→ **YOUR INSTRUCTIONS**
Take the line that contains "The Tiny Poncho" and each line after it to the end of the data below, and set them down exactly, omitting pictures.

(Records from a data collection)

···

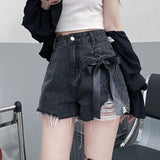 E-Girl-Shorts aus schwarzem Denim mit hohem Bund für den Sommer
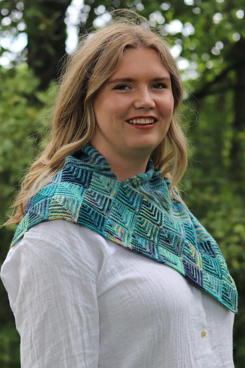 The Tiny Poncho Cowl was designed to look like a bandana cowl in the front, but includes a point in the back as well to keep the back of the wearer’s neck warm.
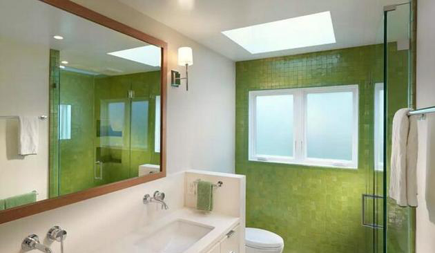 這個概念屬于我最喜歡的說法之一,“要么大膽或要么回家”。草綠色的瓷磚墻為這個浴室設(shè)置了舞臺。在其他地方添加一塊的綠色,也增強(qiáng)了色彩感。
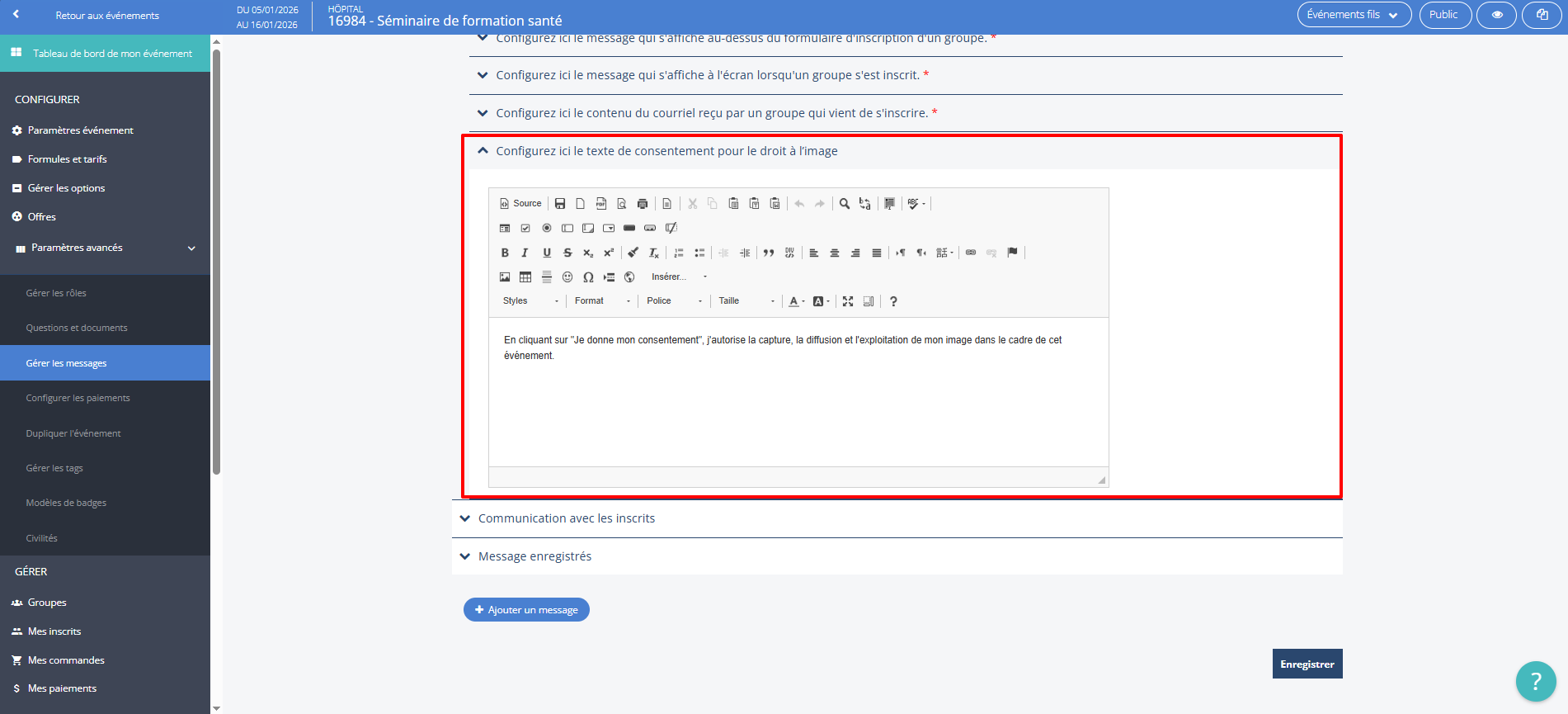 Pour ce faire, toujours dans Paramètres avancés, allez dans Gérer les messages et cliquez sur Configurez ici le texte de consentement pour le droit à l’image :
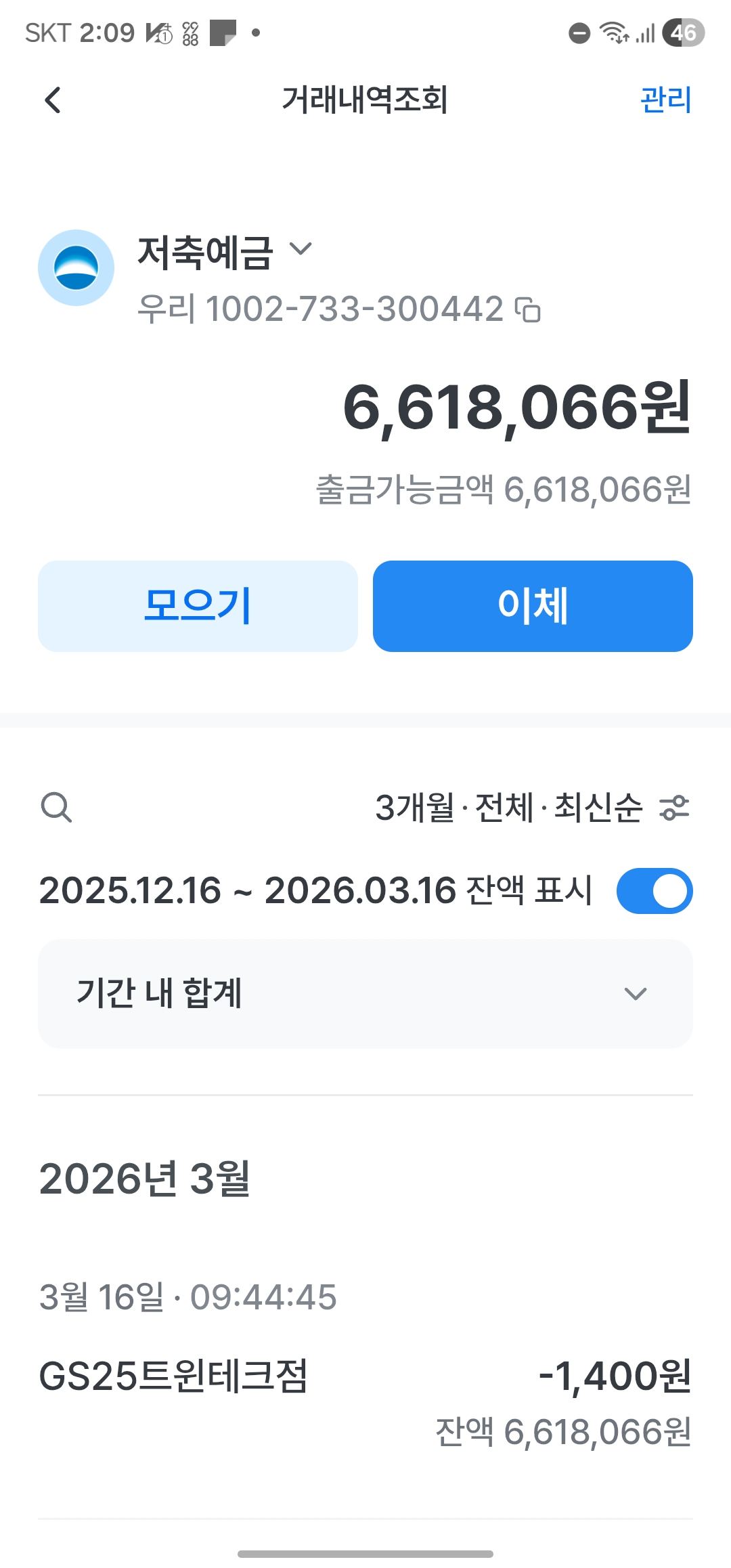 요즘은 앱에서도 거래내역 조회가 잘 됩니다.
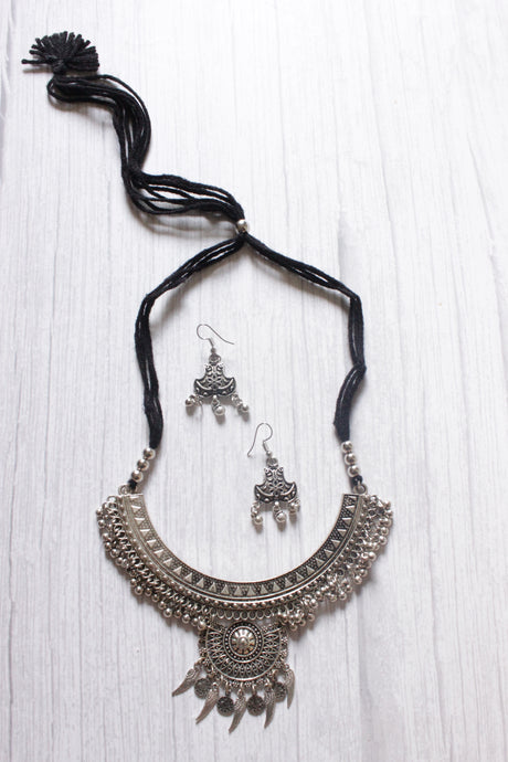 450 INR550Unit price /UnavailableHasli Style Elaborately Detailed Adjustable Thread Closure Premium Oxidised Finish Brass Necklace
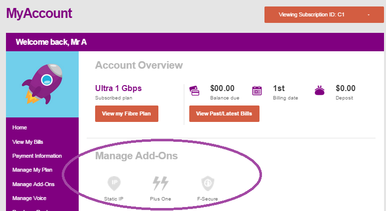 Description: The image above displays the "Manage Add-On" field on Fibre MyAccount where the customer may subscribe to Static IP after the service has been installed.
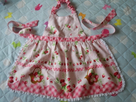 ずいぶん前に作ったイチゴ柄のスモックのあまり布を使ったエプロンです頭を通す部分はゴムを入れていますうらはこんな感じでポケットを付けていますもともとはリバーシブルにするつもりではなかったのですが、襟ぐり、脇ぐりが曲線になるので裏をつけたほうがラク、ならリバーシブルにするか、と行き当たりばったりで作ったのですが、まあまあ女の子らしい作品に仕上がりました今2歳の娘がひざ下丈なので、来年も着れるかな???女の子☆【好評再入荷】【サンリオ】【キッズ】ハローキティ☆子供用エプロン★サクランボ100cm...

···

→ **RESPONSE BOX**
 The Tiny Poncho Cowl was designed to look like a bandana cowl in the front, but includes a point in the back as well to keep the back of the wearer’s neck warm.
 這個概念屬于我最喜歡的說法之一,“要么大膽或要么回家”。草綠色的瓷磚墻為這個浴室設(shè)置了舞臺。在其他地方添加一塊的綠色,也增強(qiáng)了色彩感。
 Pour ce faire, toujours dans Paramètres avancés, allez dans Gérer les messages et cliquez sur Configurez ici le texte de consentement pour le droit à l’image :
 요즘은 앱에서도 거래내역 조회가 잘 됩니다.
 450 INR550Unit price /UnavailableHasli Style Elaborately Detailed Adjustable Thread Closure Premium Oxidised Finish Brass Necklace
 Description: The image above displays the "Manage Add-On" field on Fibre MyAccount where the customer may subscribe to Static IP after the service has been installed.
 ずいぶん前に作ったイチゴ柄のスモックのあまり布を使ったエプロンです頭を通す部分はゴムを入れていますうらはこんな感じでポケットを付けていますもともとはリバーシブルにするつもりではなかったのですが、襟ぐり、脇ぐりが曲線になるので裏をつけたほうがラク、ならリバーシブルにするか、と行き当たりばったりで作ったのですが、まあまあ女の子らしい作品に仕上がりました今2歳の娘がひざ下丈なので、来年も着れるかな???女の子☆【好評再入荷】【サンリオ】【キッズ】ハローキティ☆子供用エプロン★サクランボ100cm...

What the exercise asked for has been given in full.